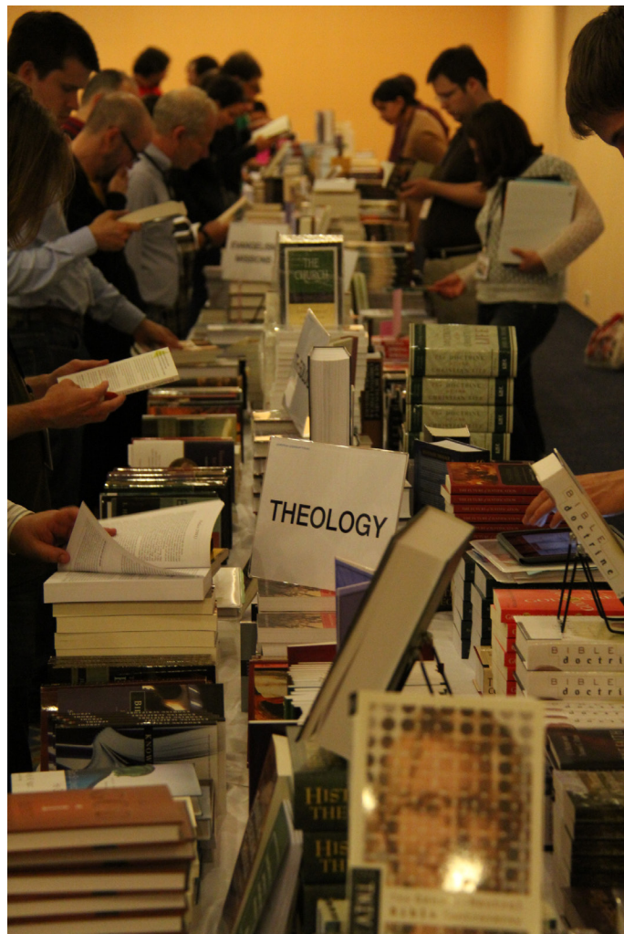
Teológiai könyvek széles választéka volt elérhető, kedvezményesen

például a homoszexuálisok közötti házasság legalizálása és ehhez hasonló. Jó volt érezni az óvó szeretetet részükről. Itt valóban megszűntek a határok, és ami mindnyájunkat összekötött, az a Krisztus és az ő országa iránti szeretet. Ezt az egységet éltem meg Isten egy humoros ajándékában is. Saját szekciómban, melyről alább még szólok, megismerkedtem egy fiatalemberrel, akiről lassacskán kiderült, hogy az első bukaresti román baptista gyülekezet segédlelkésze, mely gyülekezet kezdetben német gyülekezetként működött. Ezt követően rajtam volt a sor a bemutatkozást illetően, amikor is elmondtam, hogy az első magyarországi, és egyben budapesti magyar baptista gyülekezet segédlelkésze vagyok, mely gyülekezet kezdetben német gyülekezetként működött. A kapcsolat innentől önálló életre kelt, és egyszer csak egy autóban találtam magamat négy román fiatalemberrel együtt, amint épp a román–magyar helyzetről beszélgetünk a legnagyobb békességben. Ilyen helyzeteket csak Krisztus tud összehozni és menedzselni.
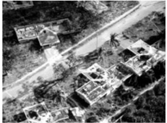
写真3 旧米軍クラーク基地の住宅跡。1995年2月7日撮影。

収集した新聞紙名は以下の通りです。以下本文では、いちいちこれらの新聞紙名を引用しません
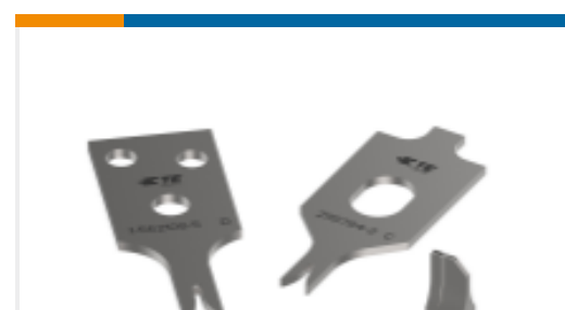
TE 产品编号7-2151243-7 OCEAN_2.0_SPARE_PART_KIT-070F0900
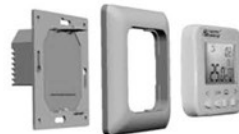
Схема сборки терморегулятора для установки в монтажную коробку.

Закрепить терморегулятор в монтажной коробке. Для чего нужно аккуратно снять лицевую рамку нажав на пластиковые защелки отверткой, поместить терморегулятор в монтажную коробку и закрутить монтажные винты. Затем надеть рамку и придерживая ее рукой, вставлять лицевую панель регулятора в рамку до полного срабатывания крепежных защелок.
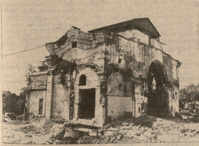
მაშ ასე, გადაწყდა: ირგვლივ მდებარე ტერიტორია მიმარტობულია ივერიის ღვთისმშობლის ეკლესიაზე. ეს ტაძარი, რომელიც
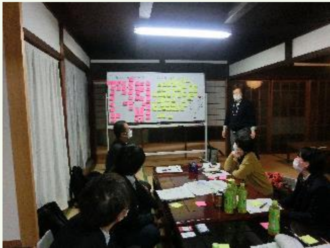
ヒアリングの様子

+--

* _TASK GOAL_: Repeat verbatim the lines from the one holding "写真3 旧米軍クラーク基地の住宅跡。1995年2月7日撮影。" through the end of the listing above, both ends included, but not the pictures.

* _REPLY_:
写真3 旧米軍クラーク基地の住宅跡。1995年2月7日撮影。

収集した新聞紙名は以下の通りです。以下本文では、いちいちこれらの新聞紙名を引用しません
TE 产品编号7-2151243-7 OCEAN_2.0_SPARE_PART_KIT-070F0900
Схема сборки терморегулятора для установки в монтажную коробку.

Закрепить терморегулятор в монтажной коробке. Для чего нужно аккуратно снять лицевую рамку нажав на пластиковые защелки отверткой, поместить терморегулятор в монтажную коробку и закрутить монтажные винты. Затем надеть рамку и придерживая ее рукой, вставлять лицевую панель регулятора в рамку до полного срабатывания крепежных защелок.
მაშ ასე, გადაწყდა: ირგვლივ მდებარე ტერიტორია მიმარტობულია ივერიის ღვთისმშობლის ეკლესიაზე. ეს ტაძარი, რომელიც
ヒアリングの様子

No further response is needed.